Understanding the Basics

Before you choose which card you must have and use, know the difference between these two cards. Both are issued by banks and they both will have an account to which they are linked. But this is where the similarities end. When you carry out a transaction using a debit card, you are using the monies already available in your bank account. The monies used are out of your current and accumulated balances held in the account. In a credit card, however, you are not using any saved monies but are creating and/or adding to a line of credit that has been given to you by the bank. Usage of credit cards adds to your debt commitments to a bank whereas a debit card does not. Now that you know the difference, here are some usages tips that you must keep in mind to wisely use both and maintain a healthy credit score at the same time.

  1. Credit score conscious Using a credit card definitely makes a difference to your credit score because you are increasing or decreasing the balance of a line of credit or in simple words, a debt.
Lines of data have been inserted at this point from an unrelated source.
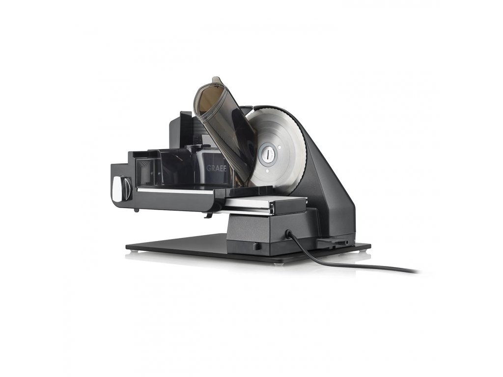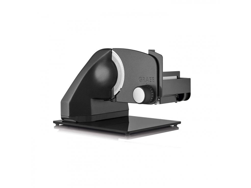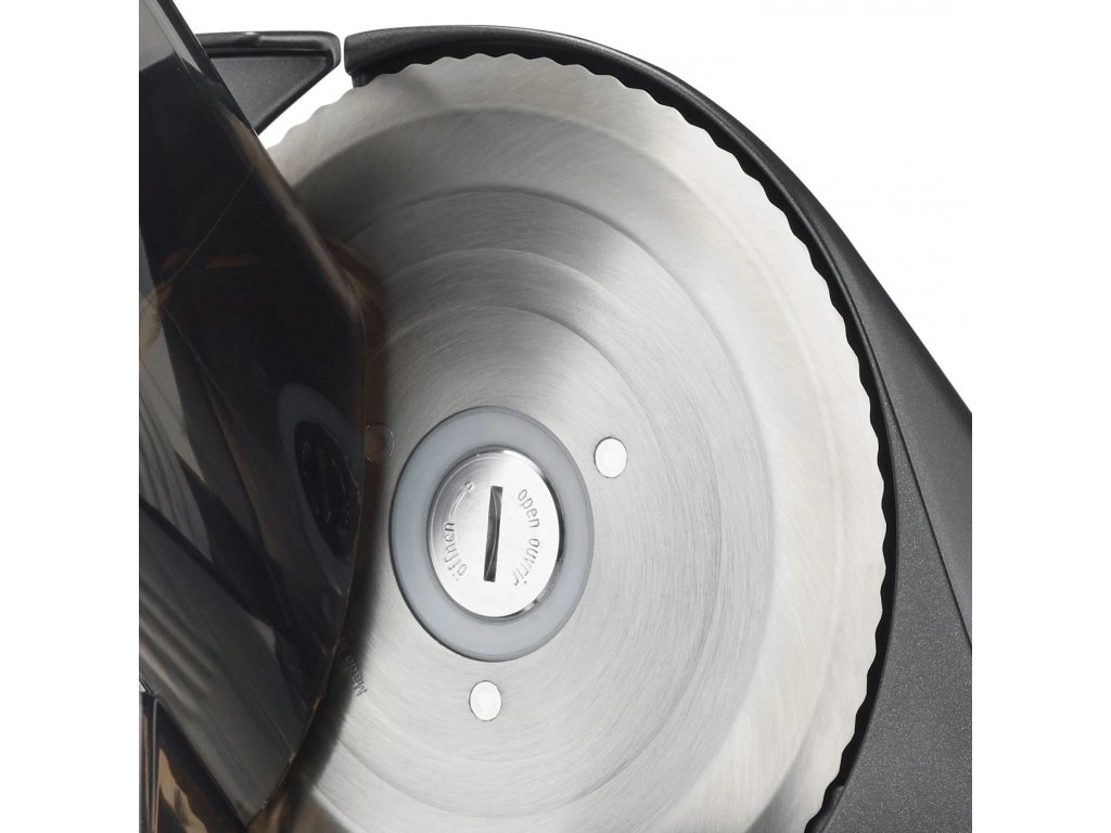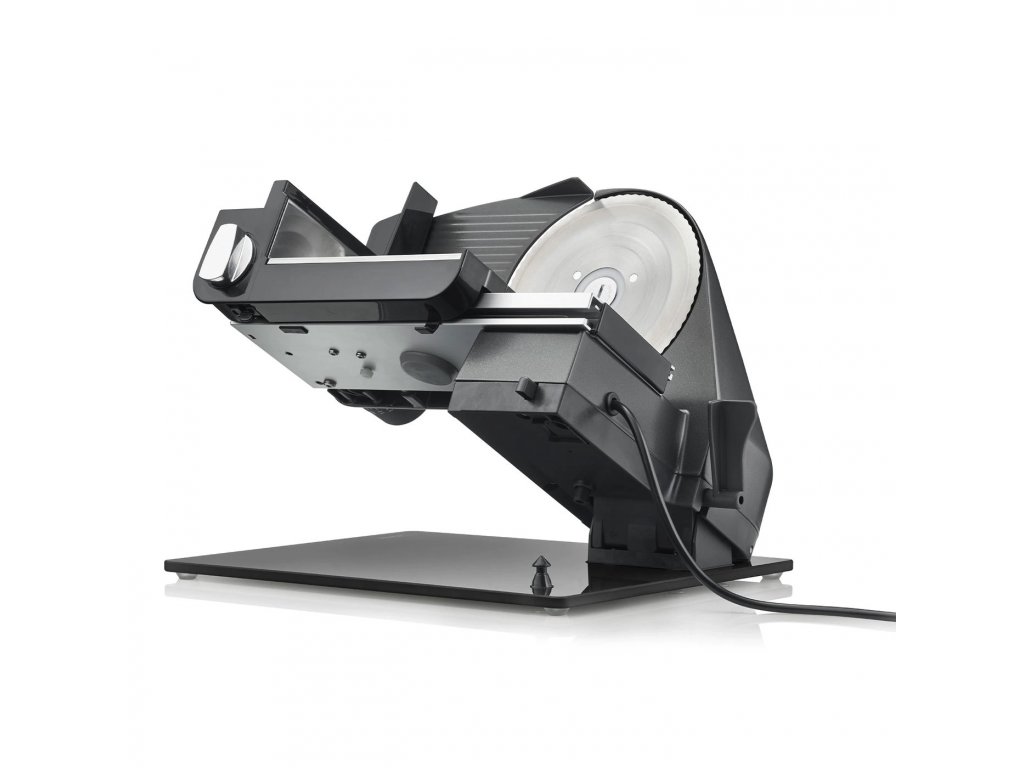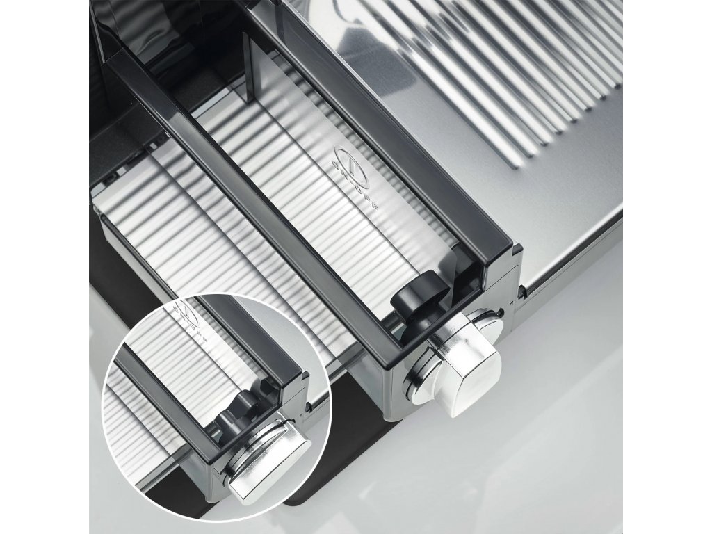 Kráječ má elegantní nadčasový design a extrémně tichý chod. Jeho celokovová konstrukce zaručuje maximální robustnost, stabilitu a dlouhou životnost. Elegantním prvkem je použití tvrzeného skla na základovou desku kráječe. Protiskluzové nožičky zajišťují vysokou stabilitu.
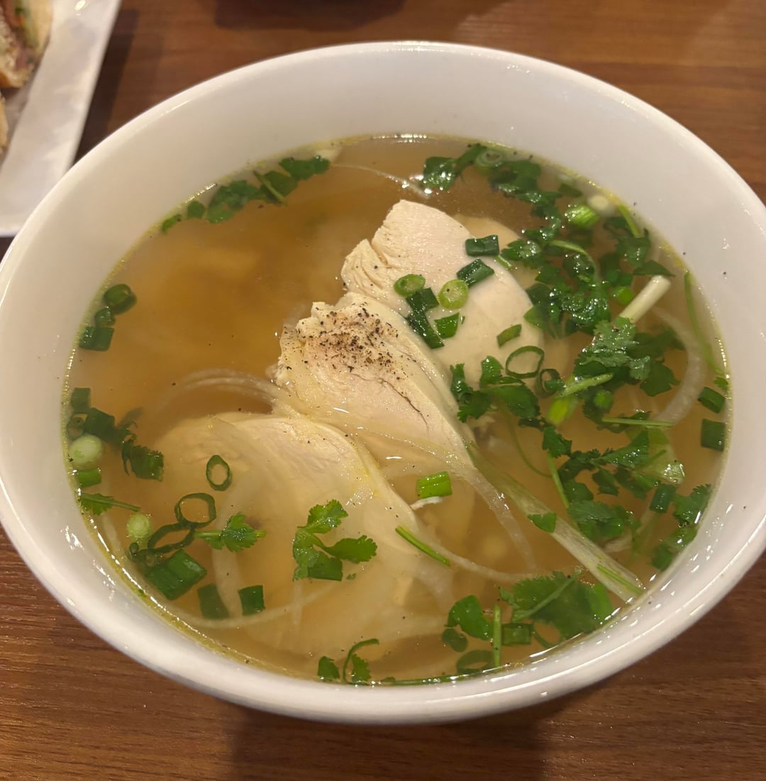 I ended up splitting both items with my boyfriend, but I’m still curious about the amount of calories as a whole. I’ve included a picture of the pho with and without additional toppings. It’s hard to see since the bowl is so deep but there was 8 or so slices of chicken in total, and I would guess around 2 cups of rice noodles? The contents of the banh mi was carrots, cucumber, onion, cilantro, and mayo but for meat we went with grilled pork (the veggies far outweighed the meat if that helps at all). Loved this place and i’m already planning on going back tomorrow so would appreciate any guesses!!
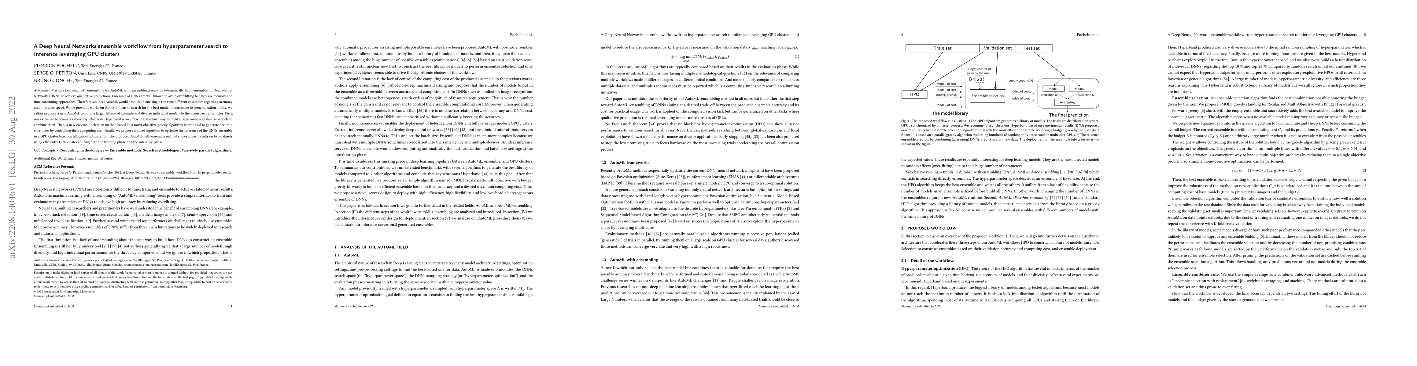 This paper proposes an AutoML workflow for building ensembles of Deep Neural Networks using asynchronous Hyperband for efficient hyperparameter search, a multi-objective greedy algorithm for ensemble selection, and an optimization algorithm for GPU cluster inference to balance accuracy and computational cost. The method is shown to be effective on two datasets.
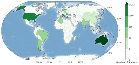A database with information about the time resolution of rainfall data in different geographic areas of the world was recently published [35]. It provides, for each of the 25,423 rain gauge stations considered from 32 study areas, the complete ta history and the site geographical coordinates (see Figure 4). The main characteristics of the available rainfall observations, grouped by continent, are shown in Table 1.
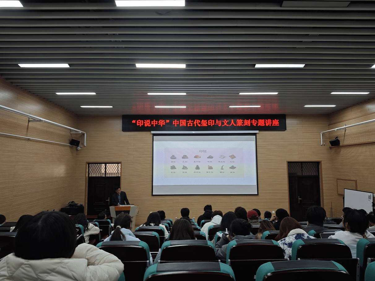 篆刻艺术宣教系列活动之“印说中华”中国古代玺印与文人篆刻专题讲座在音乐馆B105举行。讲座由西泠印社社员、中国印学博物馆馆长乔中石担任主讲嘉宾,亚博体育
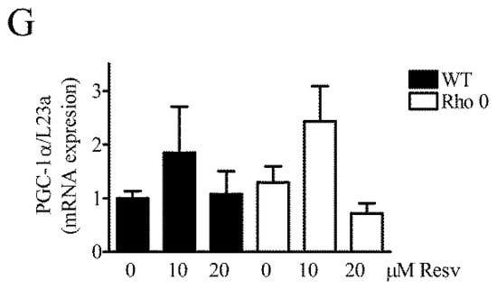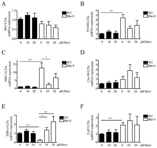 Effect of Resveratrol on expression levels of mRNA transcripts related to mitochondrial function. Relative gene expression of key genes related to mitochondrial function measured by Q-RT-PCR (quantitative reverse transcriptase polymerase chain reaction) in HeLa WT and HeLa Rho 0 cells treated with 10 and 20 µM Resv for 24 h. Expression of (A) NAD (nicotineamide dinucleotide)-dependent deacetylase sirtuin-1 (SIRT1); (B) mitochondrial transcription factor A (TFAM), HeLa WT compared to HeLa Rho 0 (***: p < 0.001) untreated; (C) nuclear respiratory factor 1 (NRF-1 also known as NFE2L1), HeLa WT compared to HeLa Rho 0 (***: p < 0.001) untreated and HeLa Rho 0 untreated compared to HeLa Rho 0 10 µM Resv (*: p < 0.05); (D) cytochrome C oxidase 5b (COX5b); (E) estrogen-related receptor alpha (ERR-α), HeLa WT compared to HeLa Rho 0 (***: p < 0.001) untreated and HeLa Rho 0 untreated compared to HeLa Rho 0 10 µM Resv (*: p < 0.05), compared to 20 µM (***: p < 0.001); (F) cytochrome complex (Cyt C), HeLa WT compared to HeLa Rho 0 (***: p < 0.001) untreated, (G) proliferator-activated receptor coactivator-1α (PGC-1α). All data are presented as relative to levels of RPL23a and are shown as mean ± SEM (n = 6). Statistical analysis performed using a t-test.
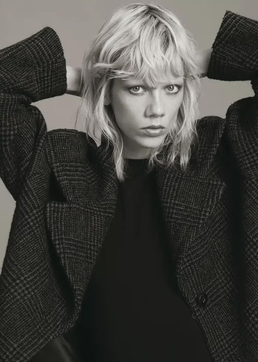 Wykonany z mieszanki wełny, ten oversize’owy model ma wzór w kratę. Posiada kołnierz w kształcie litery V z klapami, długie rękawy, dwie boczne kieszenie i zapięcie na guziki z przodu.
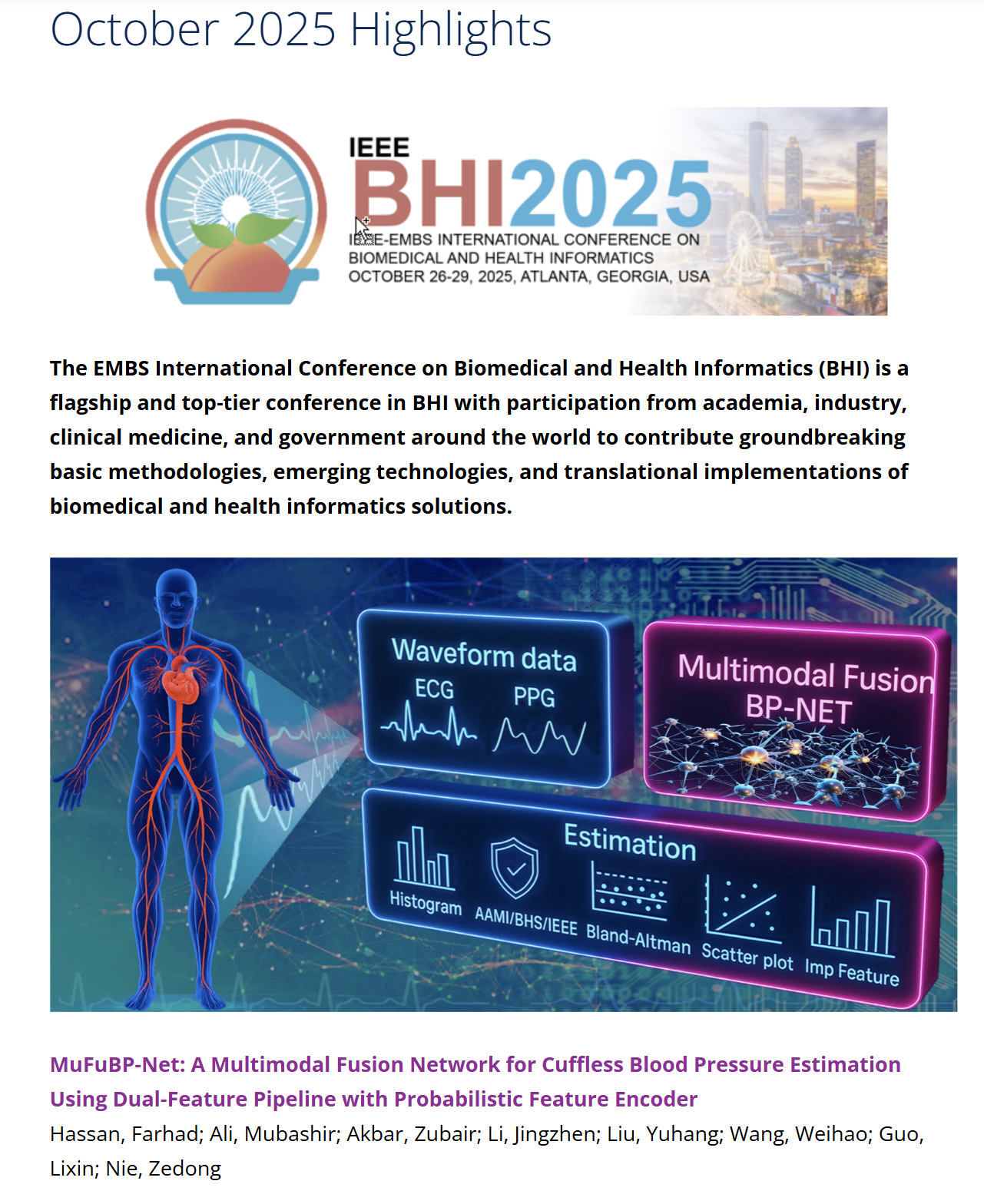 2025年10月,中国科研实验室深圳先进技术研究院(简称“凯发k8国际”)聂泽东研究员团队在 IEEE Journal of Biomedical and Health Informatics(JBHI)发表了基于ECG与PPG的动态血压监测研究 “MuFuBP-Net: A Multimodal Fusion Network for Cuffless Blood Pressure Estimation Using Dual-Feature Pipeline With Probabilistic Feature Encoder”(Highlights文章),并以配图形式登载于 JBHI October 2025当期封面。

Using a debit card makes no difference whatsoever to your credit score. Make sure you use about 30-40% of your credit limit and not more, unless it is an emergency, to favourably affect your credit score.

  2. Fraudulent transactions – Usage of credit cards is strictly monitored by banks. They will immediately block your card if they observe an unusual transaction or will call you for verification. This, thereby, reduces your chances of fraud liability on credit cards. Debit cards, however, have minimal safety facilities, including a PIN, but don’t have any suspicious activity trigger thus putting your entire linked account balance at risk.

  3. Unsatisfactory purchases or services – If you are not happy with a product or with a service provided, all the store/organization has to do is reverse the transaction by swiping your credit card again in the machine. So, if you know you have to make a large amount transaction and are unsure of what the results may be, use your credit card and then reduce the balance on it by making a large payment on the card. Regular purchases can still be made using debit cards as you would know the establishment from which you are making the purchase.

  4. Add-on benefits – Credit cards offer a host of rewards that cannot be matched by debit cards. Starting from reduced purchase prices, cash back schemes, gift coupons and travel miles; credit cards offer many more benefits that you should keep in mind especially when you make large purchases.